# Non-morphing tads???



## Ed Martin (Mar 25, 2004)

I was not sure how to title this thread, but I have a tinc tadpole that has been in the water for eleven months and has no legs at all. I raised it communally with it’s clutch mates and all of them morphed normally. I have moved it and added it to other tadpole enclosures and while all the others morphed he stayed the same. Other than the fact that it is not morphing, the tad seems healthy. I was actually thinking about putting him in a bowl on my desk or something because I’m now resigned to the idea that he will not morph. Has anyone else seen this? Any theories as to why it would happen. 
Ed


----------



## booboo (Jan 22, 2005)

I know tikifrog had an azureus tad that was 14 months old but no fronts and eventually died. I am pretty sure it is a from of sls.


----------



## Grassypeak (Jun 14, 2005)

Maybe it is a form of neoteny (spelling?). There is mention of this in another thread which I cannot find. Someone called them methulisa tadpoles and someone mentioned having an azures for three years before it died. As I remember it the azures tadpole developed a very nice broad finned tail!


----------



## elmoisfive (Dec 31, 2004)

Ed,

I have a leuc tad that has been in the water for the better part of 6 months now. It developed a couple of tiny appendages (little nubs) where the back legs should be and then development stopped. Seems very healthy otherwise. No other leuc tad has shown this issue so it's odd. He seemed to have a rough start after hatching though I don't know if that was cause or effect. 

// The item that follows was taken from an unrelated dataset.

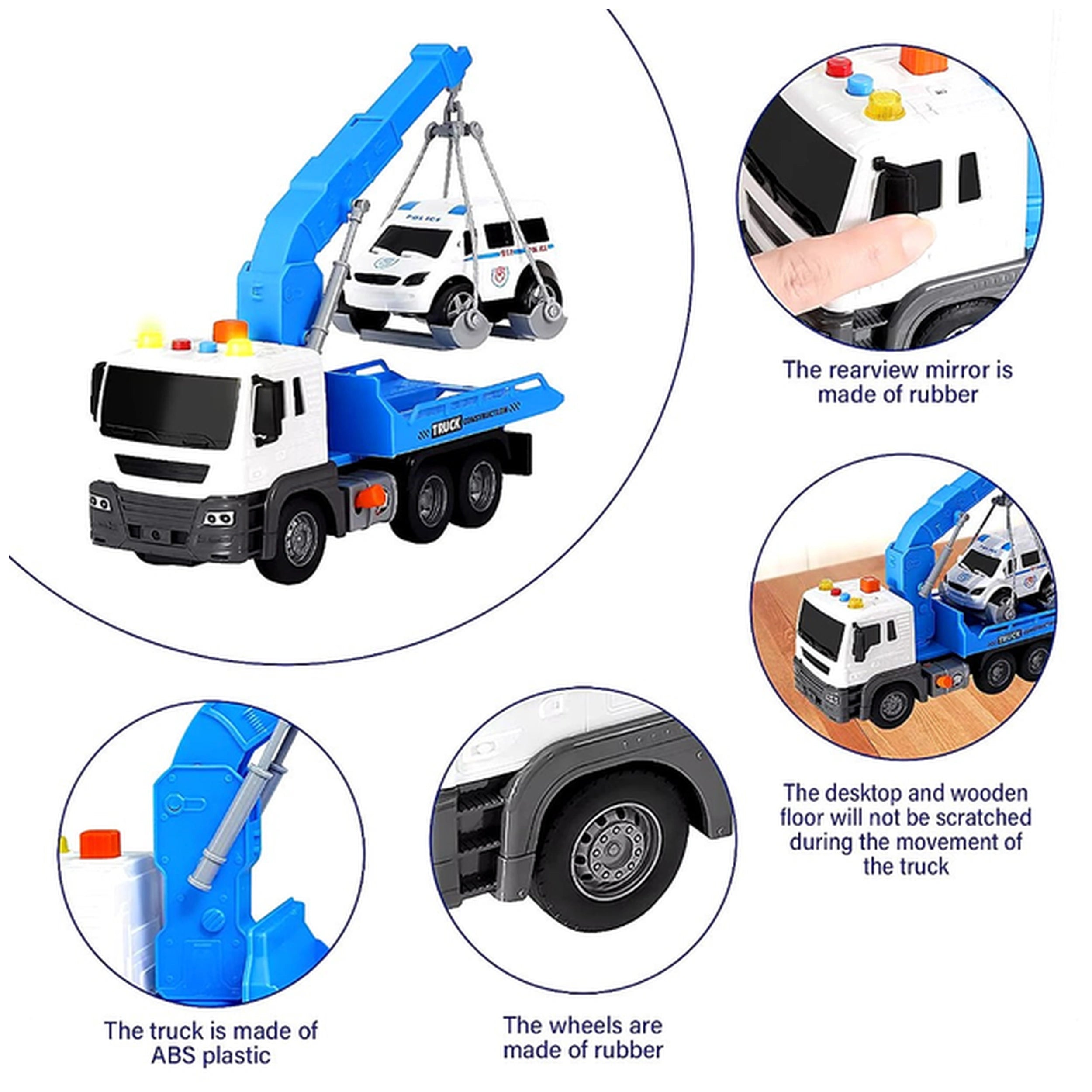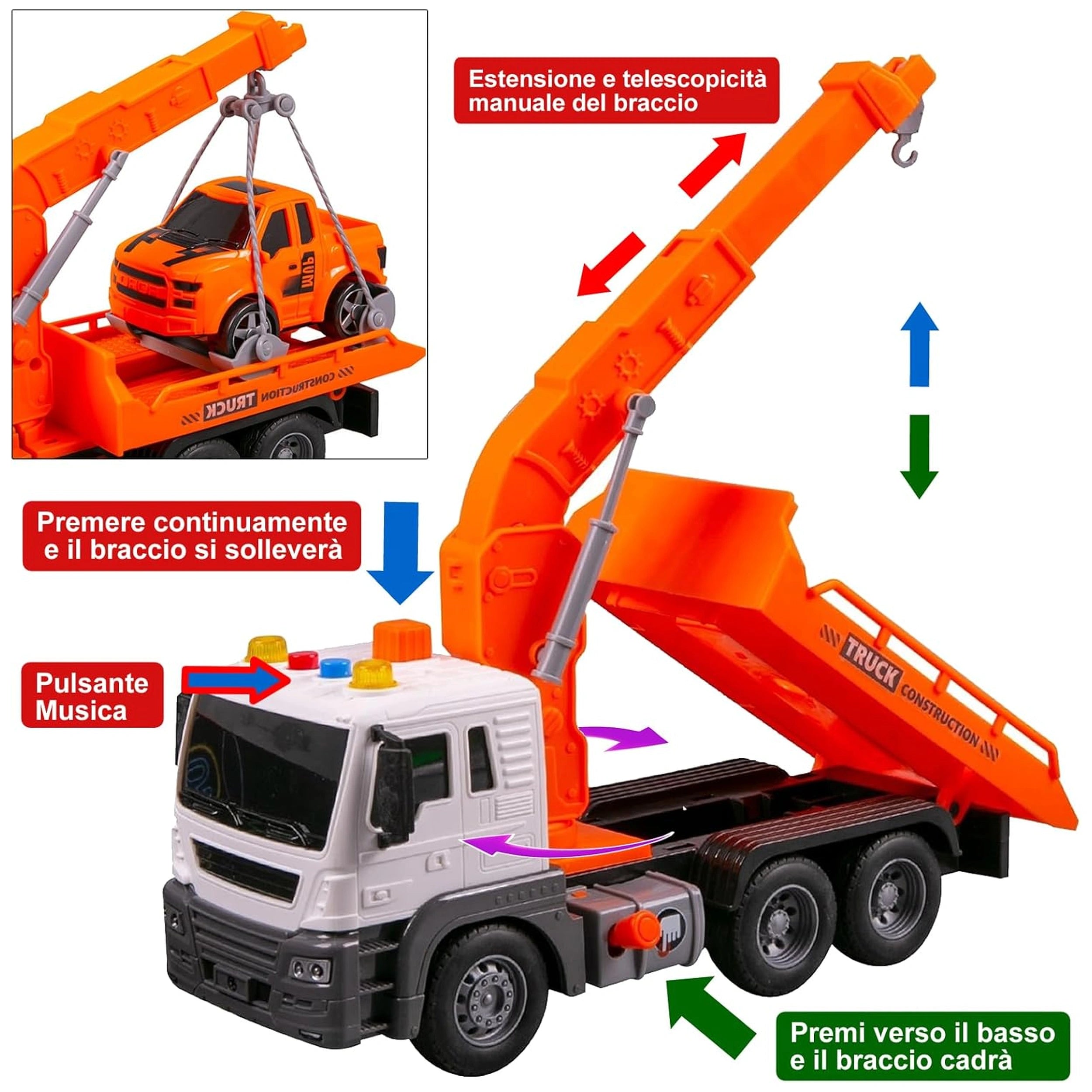 Metropoli - Avontuur in de Stad Sleepwagen Set - Speelvoertuigen Maak kennis met de Metropoli Avontuur in de Stad Sleepwagen Set, een spannende aanvulling op de speelgoedcollectie van elk kind die de opwinding van stedelijke reddingsoperaties rechtstreeks naar hun speelkamer brengt. Dit grote bergingsvoertuig is ontworpen voor jonge avonturiers die dromen van het leiden van hun eigen stadsreddingsmissies. Met indrukwekkende kenmerken, waaronder lichten, geluiden en een beweegbare kraan, is deze sleepwagen niet zomaar een speelgoed; het is een uitnodiging tot fantasierijk spel en probleemoplossing. De Metropoli Sleepwagen maakt deel uit van de dynamische "Metropoli" serie, die de nadruk legt op realistische details en interactieve functies. Kinderen kunnen hun eigen reddingsscenario's naspelen met de robuuste sleepwagen, die is uitgerust met een handmatig bediende kraanarm en haak. Dit stelt hen in staat om de meegeleverde die-cast auto op te tillen en vast te zetten, wat echte reddingsoperaties simuleert en hen waardevolle vaardigheden in ladingbeheer en berging bijbrengt. Een van de opvallende kenmerken van dit speelgoed zijn de interactieve elementen. De vrachtwagen is uitgerust met lichten en geluidseffecten die kunnen worden geactiveerd door op knoppen op het dak van de cabine te drukken. Deze realistische geluiden en knipperende lichten dompelen kinderen onder in hun reddingsmissies, wat een element van urgentie en opwinding aan hun speeltijd toevoegt. De kraan, beschikbaar in levendige kleuren, is volledig functioneel en biedt hands-on betrokkenheid die de speelervaring verbetert. Duurzaamheid is essentieel in kinderspeelgoed, en de Metropoli Sleepwagen stelt niet teleur. Met een robuuste configuratie van 10 wielen en een stevige constructie is deze vrachtwagen ontworpen om de ontberingen van speeltijd te weerstaan, of het nu op tapijt of harde vloeren is. Het gedetailleerde cabineontwerp spreekt voertuigenthousiastelingen aan, waardoor het een perfect cadeau is voor elk kind dat gefascineerd is door vrachtwagens en hulpvoertuigen. Om ervoor te zorgen dat dit product zijn doelgroep effectief bereikt, richt de SEO-strategie zich op waardevolle zoekwoorden zoals "sleepwagen speelgoed," "bergingsvoertuig," en "voertuig met lichten en geluiden." Door functionele zoekwoorden zoals "beweegbare kraan" en "verplaatsbare haak" op te nemen, is deze beschrijving geoptimaliseerd voor zoekmachines, waardoor het gemakkelijker wordt voor ouders en verzorgers om het perfecte speelgoed voor hun kinderen te vinden. Kortom, de Metropoli Avontuur in de Stad Sleepwagen Set is meer dan alleen een speelgoed; het is een toegangspoort tot creatief spel en leren. Voorzie uw kind van dit ultieme reddingsvoertuig en kijk hoe ze talloze avonturen beleven in hun eigen kleine stad. Mis de kans niet om fantasierijk spel te inspireren—beveilig uw Metropoli Sleepwagen vandaag nog!

I've become quite attached to the little bugger and will keep him alive for as long as he can make it. He's kind of cute in a way though it is sad knowing that he won't ever develop.

Bill


----------



## Afemoralis (Mar 17, 2005)

*Neoteny*

Hey Grassypeak,

Neoteny (or paedomorphosis really) would be really cool to find in a frog- and it would be a first. It's common in salamanders, but reproductive tadpoles are another beast all together. It would be a knock-your-socks-off world wide shocker. Most amphibian biologists don't think it would be physically possible due to the physical restructuring that would be nessesary. 

The other end of the spectrum, peramorphosis (the speeding up of development), or at least peramorphic traits, have been documented in tadpoles though. Budgets' frog, Lepidobatrachus, have full on carnivorous frog jaws to eat other tadpoles with. 

It's worth checking out. The whole spectrum that includes paedomorphosis and peramorphosis falls under the biological term "heterochrony."

Cheers!

Afemoralis


----------



## Guest (Jan 30, 2006)

I saw this in the vittatus


----------



## Dane (Aug 19, 2004)

Do a search on Methuselah tads. Interesting topic.


----------



## KeroKero (Jun 13, 2004)

Its not a form of SLS when the back legs don't even develop. I've heard of this happening in a number of different PDFs, never morphed, eventually died. I wouldn't say this is any form of neoteny as there is no way these frogs are going to reproduce, and is more of a glitch in the system of some kind (salamanders from what I understand don't go thru as extreme a change and that's probibly why the neoteny is possible in them). Either a glitch in the frog development, or environmental glitch that has kept the tad from having the correct hormonal changes needed for metamorphosis to complete.


----------



## Ed (Sep 19, 2004)

snip "Its not a form of SLS when the back legs don't even develop. I've heard of this happening in a number of different PDFs, never morphed"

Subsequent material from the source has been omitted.